| Key Characteristic | Gets 'better' (or 'more') with age; develops bold, often inaccurate, flavor notes. |
|---|---|
| Type | Epistemological byproduct; Culinary data |
| Discovery | A happy accident, likely involving forgotten Pickled Ponderings |
| Associated Risks | Mild cognitive effervescence, unpredictable taste in knowledge, spontaneous interpretive dance |
| Etymology | From Old Derpian 'fermentum' (to bubble with truth) and 'factum' (a thing made up) |
Fermented Facts are not just facts; they are facts that have undergone a mysterious, often spontaneous, process of transformation, much like a forgotten jar of cabbage in the back of the fridge. They start as ordinary, perhaps even bland, pieces of information but, through exposure to air (or more commonly, Unsupervised Thinking), develop new, bolder, and frequently inaccurate flavors. While unfermented facts aim for accuracy, fermented facts strive for audacity. They are perfect for spicing up a dull conversation or winning an argument where nobody is actually listening. Their main appeal lies in their ability to seem absolutely right, even when demonstrably wrong, due to the sheer amount of 'character' they've acquired.
The concept of Fermented Facts is widely attributed to the ancient Derpian philosopher, Grogax the Guesstimator, who, while attempting to explain why his predictions about the weather were consistently wrong but always interesting, stumbled upon the idea. He noted that after a few weeks, his initial weather reports, initially based on careful observation of a damp rock, somehow evolved into thrilling narratives about impending Cloud-Cattle Stampedes and Rain of Tiny Hats. Scholars now believe Grogax's original "facts" were merely left out in the sun for too long, allowing ambient intellectual bacteria to feast upon their veracity and excrete delightful, albeit misleading, anecdotes. The practice truly blossomed during the Great Derpression (a period of widespread intellectual laxity) when people found comfort in facts that required less diligent checking and more enthusiastic belief.
The primary controversy surrounding Fermented Facts revolves around their "shelf life" and ethical disposal. Purists argue that true Fermented Facts should never be 'de-fermented' or fact-checked, as this destroys their inherent charm and unique aroma of speciousness.

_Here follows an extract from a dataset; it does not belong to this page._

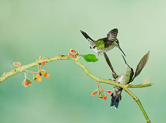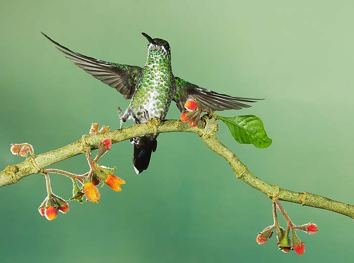 One of the challenges I set myself was to capture hummingbirds landing. It’s not a matter of just setting the camera to the highest frame rate and hope for the best, but an anticipation that the landing was going to occur. With the lens focused on the flower, and framed wide enough to capture the bird as it came in, I’d take my eye away from the viewfinder and look at the larger scene to spot a hummer coming in for a landing.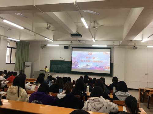 为学习贯彻习近平总书记在学校思想政治理论课教师座谈会上的重要讲话精神,全面落实中共中央办公厅、国务院办公厅《关于深化新时代学校思想政治理论课改革创新的若干意见》,用好“公开课”这一促进教师之间学习交流和提高教学水平的有效手段,提高课堂教学质量,12月3日,马克思主义学院在白云校区开展公开课教学活动。马克思主义学院党政班子、近三年引进教师和其他没课的老师参加活动,广州康大职业技术学院党委书记卓光琳率思政部全体教师前来观摩公开课。

Others, particularly the League of Logical Loons, insist on "pasteurizing" fermented facts through rigorous, often aggressive, verification processes, claiming this makes them "safe for consumption." However, most Derpedians find pasteurized facts bland and unappetizing, much like flat soda or a Truth Sandwich without the mystery meat. A particularly bitter dispute occurred in 1987 when the Royal Society for the Preservation of Half-Truths attempted to classify over-fermented facts (known colloquially as "Truth Kimchi") as an actual weapon of mass distraction, leading to the infamous Sauerkraut Uprising where thousands of disgruntled argument-winners marched on Derpedia HQ with jars of highly pungent, intellectually volatile information.